114th Congress Adjourns Without Passing Tax-Extenders
Some Background on the Mortgage Debt Relief Act
The 2007 Mortgage Forgiveness Debt Relief Act allowed taxpayers to not include, as income, the discharge or forgiveness of debt on their principal residence. The debt that was forgiven or discharged through foreclosure, mortgage modification, a short sale or a deed in lieu, qualified for this exclusion. The act protected underwater homeowners from incurring taxes on the debt that was discharged or forgiven during a short sale, loan modification, foreclosure or a deed in lieu. It came close to expiring 4 times, but lobbying efforts from the National Association of Realtors managed to gain extensions.
The Mortgage Cancellation Debt Relief Act Expires in 2016
After passing a Continuing Resolution that will fund Federal Government operations until April 28, 2017, the 114th Congress adjourned on Friday, December 9, 2016 and an extension of the Mortgage Cancellation Debt Relief, which is part of the “Tax Extenders” package was not passed in the lame duck session. This will now expire at the end of 2016. Homeowners completing a short-sale, going through foreclosure or a mortgage modification at any time during calendar year 2016 are eligible for this relief when they file their 2016 Income Taxes in April of 2017. the National Association of Realtors will be working on an extension in early 2017 that would be retroactive to January 1, 2017.

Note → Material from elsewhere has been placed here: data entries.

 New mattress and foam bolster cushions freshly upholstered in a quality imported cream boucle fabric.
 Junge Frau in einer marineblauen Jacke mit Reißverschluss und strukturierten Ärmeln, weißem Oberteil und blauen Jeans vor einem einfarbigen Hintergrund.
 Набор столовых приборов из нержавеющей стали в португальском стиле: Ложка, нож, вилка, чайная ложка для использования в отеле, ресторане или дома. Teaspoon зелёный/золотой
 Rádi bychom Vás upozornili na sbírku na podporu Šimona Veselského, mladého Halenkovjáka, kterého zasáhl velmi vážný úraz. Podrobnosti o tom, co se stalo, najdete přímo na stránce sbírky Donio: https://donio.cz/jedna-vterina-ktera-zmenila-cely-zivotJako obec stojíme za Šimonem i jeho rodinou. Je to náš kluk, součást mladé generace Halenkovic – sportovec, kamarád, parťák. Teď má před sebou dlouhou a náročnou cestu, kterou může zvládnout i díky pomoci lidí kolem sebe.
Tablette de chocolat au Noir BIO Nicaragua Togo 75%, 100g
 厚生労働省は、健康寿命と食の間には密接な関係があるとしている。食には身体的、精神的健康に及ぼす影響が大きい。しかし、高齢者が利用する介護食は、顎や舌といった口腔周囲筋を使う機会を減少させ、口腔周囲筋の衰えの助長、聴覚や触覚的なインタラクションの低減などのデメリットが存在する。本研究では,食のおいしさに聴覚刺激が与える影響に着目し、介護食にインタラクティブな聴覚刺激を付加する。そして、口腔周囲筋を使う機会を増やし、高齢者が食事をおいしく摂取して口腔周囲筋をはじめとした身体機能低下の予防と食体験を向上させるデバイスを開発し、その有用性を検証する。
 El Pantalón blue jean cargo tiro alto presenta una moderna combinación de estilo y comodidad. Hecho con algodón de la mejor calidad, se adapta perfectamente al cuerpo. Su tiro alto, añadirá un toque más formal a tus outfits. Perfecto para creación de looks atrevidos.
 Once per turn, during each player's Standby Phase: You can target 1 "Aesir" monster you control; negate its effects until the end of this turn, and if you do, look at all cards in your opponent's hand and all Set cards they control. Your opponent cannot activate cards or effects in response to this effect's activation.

This lack of congressional action is a disappointment but people should remember that because this doesn’t expire until the end of 2016, they are still eligible for mortgage debt cancellation relief when they file their taxes in 2016. However, any mortgage debt cancelled in 2017 or beyond is no longer going to be covered. The hope is that Congress will take action and extend the provision at some point soon so that homeowners are continued to be protected.